Jimmy McAlister

Personal information
- Date of birth: May 4, 1957 (age 69)
- Place of birth: Seattle, Washington, United States
- Height: 5 ft 8 in (1.73 m)
- Position: Defender

Senior career*
- Years: Team / Apps / (Gls)
- 1976–1979: Seattle Sounders / 79 / (2)
- 1979–1980: Buffalo Stallions (indoor) / 31 / (9)
- 1980: Toronto Blizzard / 8 / (0)
- 1981–1983: San Jose Earthquakes / 60 / (0)
- 1982–1983: Golden Bay Earthquakes (indoor) / 3 / (0)
- 1983–1986: Tacoma Stars (indoor) / 106 / (11)
- 1989: Seattle Storm

International career
- 1977–1979: United States / 6 / (0)

Managerial career
- 1988: Tacoma Stars
- 2000–2005: Decatur High School
- 2006: Hibernian Saints

= Jimmy McAlister =

American soccer player and coach

Jimmy McAlister (born May 4, 1957) is a U.S. soccer defender during the 1970s and 1980s.
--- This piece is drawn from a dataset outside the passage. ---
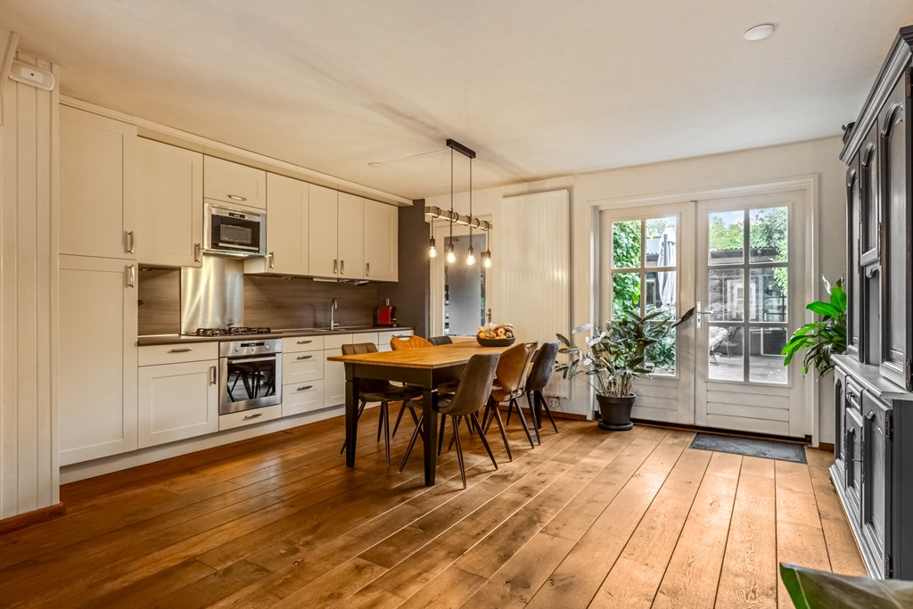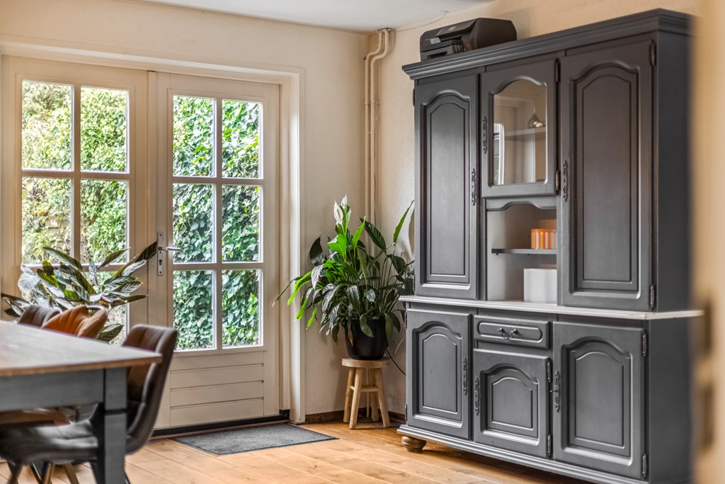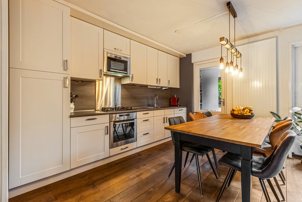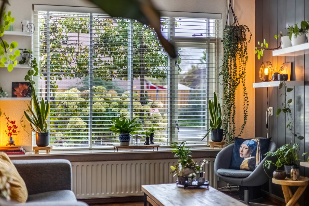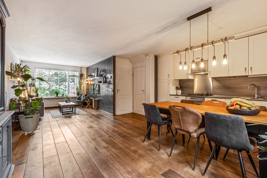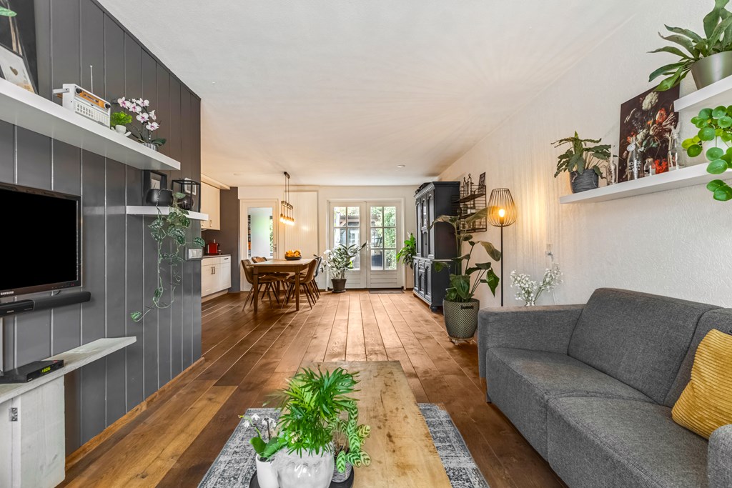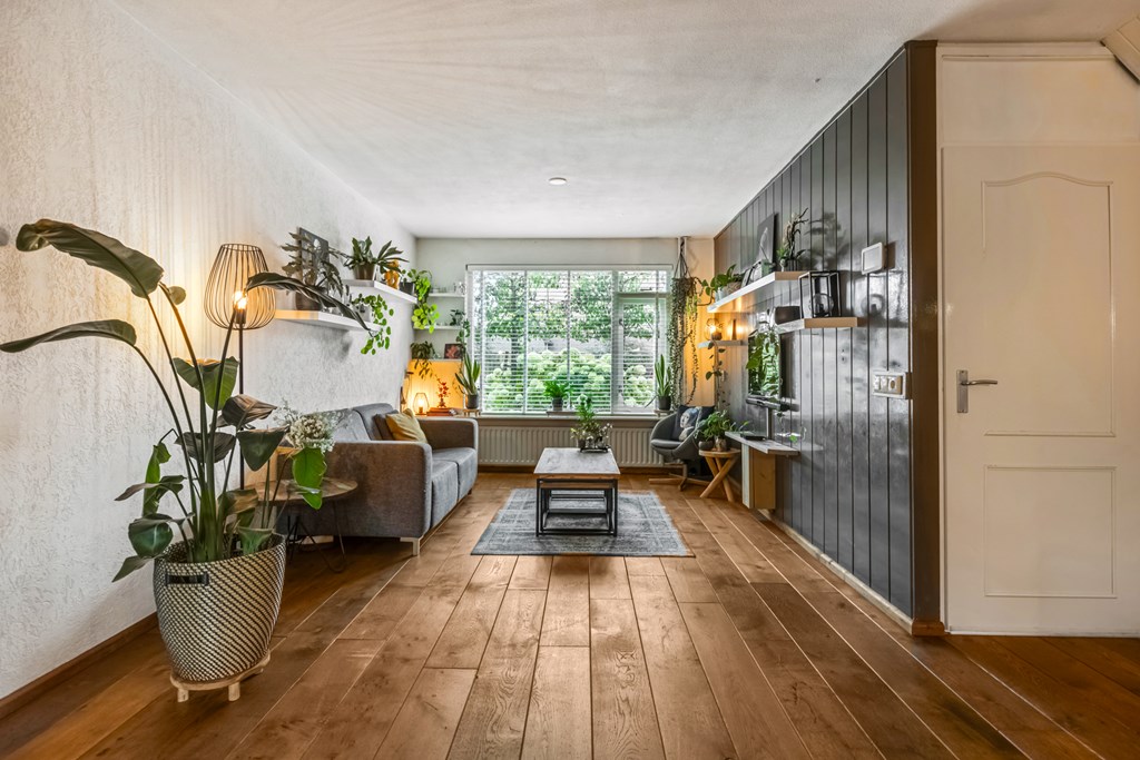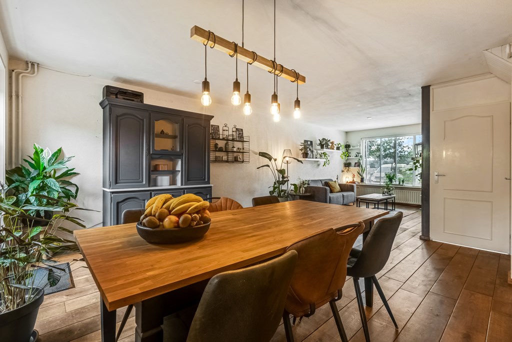 Bij aankomst valt direct de verzorgde voortuin met leibomen en hortensia’s op. Via de hal stap je binnen in de sfeervolle woonkamer, gelegen aan de voorzijde van de woning. De ruimte voelt direct warm en huiselijk aan, met voldoende plek voor een royale zithoek. De open keuken bevindt zich aan de achterzijde van de woning en biedt voldoende ruimte voor een riante eettafel. Tevens is de achterzijde van de woning voorzien van openslaande deuren richting de tuin, waardoor binnen en buiten met elkaar verbonden zijn.

He was the 1977 NASL Rookie of the Year and earned six caps with the U.S. national team.

==Player==

===Professional===
McAlister was born in Seattle where he attended John F. Kennedy High School. When he graduated in 1976, the Seattle Sounders of the North American Soccer League immediately signed him to play left back. McAlister saw time in only two first team games in 1976, spending most of his time in the reserve team. In 1977, he became an integral part of a strong Sounders team which went to the NASL championship only to lose to the Pelé-led New York Cosmos. McAlister's defensive abilities led to Pelé trading his jersey with McAlister at the end of the game. His outstanding season led to McAlister receiving NASL Rookie of the Year. McAlister spent one more season with Seattle before being traded to Toronto Blizzard. Before moving to Toronto, he spent the 1979–1980 Major Indoor Soccer League season with the Buffalo Stallions. After one year in Toronto, he moved, this time to the San Jose Earthquakes. While in San Jose, he played in both the NASL and the Major Indoor Soccer League (MISL) as the Earthquakes jumped between the two leagues. When the Tacoma Stars was established as an MISL franchise in 1983, McAlister moved back home. He remained with the Stars through the 1985–1986 season.

===National team===
McAlister earned six caps with the United States men's national soccer team between 1977 and 1979. His success with the Sounders brought McAlister to the attention of the national team. He earned his first cap in a September 18, 1977 loss to Guatemala. He then played only sporadically over the next two years with his last cap coming in a February 11, 1979 loss to the Soviet Union.

==Coach==
McAlister retired from the Tacoma Stars in 1986. He then became the team's Special Events Manager. On February 23, 1988, McAlister was named head coach after the Stars fired Alan Hinton. McAlister took the Stars to the playoffs where they fell in the first round to the San Diego Sockers. New ownership took over the team during the 1988 off-season and brought Hinton back in as coach. In 2000, McAlister became the head coach of the Decatur High School boys soccer team. The next season, he coached them to an undefeated season and the Washington State 4A championship. McAlister was head coach of professional club Hibernian Saints in 2006. He also served on the coaching staff of Washington Premier Football Club in Tacoma, Washington where alongside Gary Heale, he took the club's United States Soccer Development Academy team to the USSF national finals, taking 5th place. In January 2010, he returned to the city where he made his mark as a professional player, becoming the Director of Coaching of the Seattle United youth soccer club, as part of a coaching leadership team that also includes Technical Director and ex-Seattle Sounder Jason Farrell.